- Work required:
Return the records below exactly as they are written.

---

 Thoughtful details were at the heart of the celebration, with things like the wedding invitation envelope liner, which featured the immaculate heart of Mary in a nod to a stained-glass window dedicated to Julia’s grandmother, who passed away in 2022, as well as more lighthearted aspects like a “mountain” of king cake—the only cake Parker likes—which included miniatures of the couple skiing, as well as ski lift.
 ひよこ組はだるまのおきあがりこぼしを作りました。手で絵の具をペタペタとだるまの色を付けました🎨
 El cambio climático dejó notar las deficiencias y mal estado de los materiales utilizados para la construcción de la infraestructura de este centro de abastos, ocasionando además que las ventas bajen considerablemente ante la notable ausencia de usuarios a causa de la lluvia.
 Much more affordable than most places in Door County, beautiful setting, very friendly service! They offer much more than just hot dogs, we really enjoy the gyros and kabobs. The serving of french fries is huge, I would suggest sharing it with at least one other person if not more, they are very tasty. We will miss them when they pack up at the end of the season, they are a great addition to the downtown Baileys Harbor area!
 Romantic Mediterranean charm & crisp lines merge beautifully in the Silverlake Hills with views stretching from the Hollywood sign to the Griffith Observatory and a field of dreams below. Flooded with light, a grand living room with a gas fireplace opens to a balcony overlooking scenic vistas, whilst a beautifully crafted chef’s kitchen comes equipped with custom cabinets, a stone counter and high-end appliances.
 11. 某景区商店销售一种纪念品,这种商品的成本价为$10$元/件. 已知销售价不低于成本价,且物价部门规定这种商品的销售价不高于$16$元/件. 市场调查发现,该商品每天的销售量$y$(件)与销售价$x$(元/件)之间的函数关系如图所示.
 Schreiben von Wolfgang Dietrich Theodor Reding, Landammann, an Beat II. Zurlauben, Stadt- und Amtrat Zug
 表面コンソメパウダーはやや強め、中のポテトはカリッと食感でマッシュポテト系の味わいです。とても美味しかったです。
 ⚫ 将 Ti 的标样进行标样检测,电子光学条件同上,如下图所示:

---

- Exercise response:
 Thoughtful details were at the heart of the celebration, with things like the wedding invitation envelope liner, which featured the immaculate heart of Mary in a nod to a stained-glass window dedicated to Julia’s grandmother, who passed away in 2022, as well as more lighthearted aspects like a “mountain” of king cake—the only cake Parker likes—which included miniatures of the couple skiing, as well as ski lift.
 ひよこ組はだるまのおきあがりこぼしを作りました。手で絵の具をペタペタとだるまの色を付けました🎨
 El cambio climático dejó notar las deficiencias y mal estado de los materiales utilizados para la construcción de la infraestructura de este centro de abastos, ocasionando además que las ventas bajen considerablemente ante la notable ausencia de usuarios a causa de la lluvia.
 Much more affordable than most places in Door County, beautiful setting, very friendly service! They offer much more than just hot dogs, we really enjoy the gyros and kabobs. The serving of french fries is huge, I would suggest sharing it with at least one other person if not more, they are very tasty. We will miss them when they pack up at the end of the season, they are a great addition to the downtown Baileys Harbor area!
 Romantic Mediterranean charm & crisp lines merge beautifully in the Silverlake Hills with views stretching from the Hollywood sign to the Griffith Observatory and a field of dreams below. Flooded with light, a grand living room with a gas fireplace opens to a balcony overlooking scenic vistas, whilst a beautifully crafted chef’s kitchen comes equipped with custom cabinets, a stone counter and high-end appliances.
 11. 某景区商店销售一种纪念品,这种商品的成本价为$10$元/件. 已知销售价不低于成本价,且物价部门规定这种商品的销售价不高于$16$元/件. 市场调查发现,该商品每天的销售量$y$(件)与销售价$x$(元/件)之间的函数关系如图所示.
 Schreiben von Wolfgang Dietrich Theodor Reding, Landammann, an Beat II. Zurlauben, Stadt- und Amtrat Zug
 表面コンソメパウダーはやや強め、中のポテトはカリッと食感でマッシュポテト系の味わいです。とても美味しかったです。
 ⚫ 将 Ti 的标样进行标样检测,电子光学条件同上,如下图所示:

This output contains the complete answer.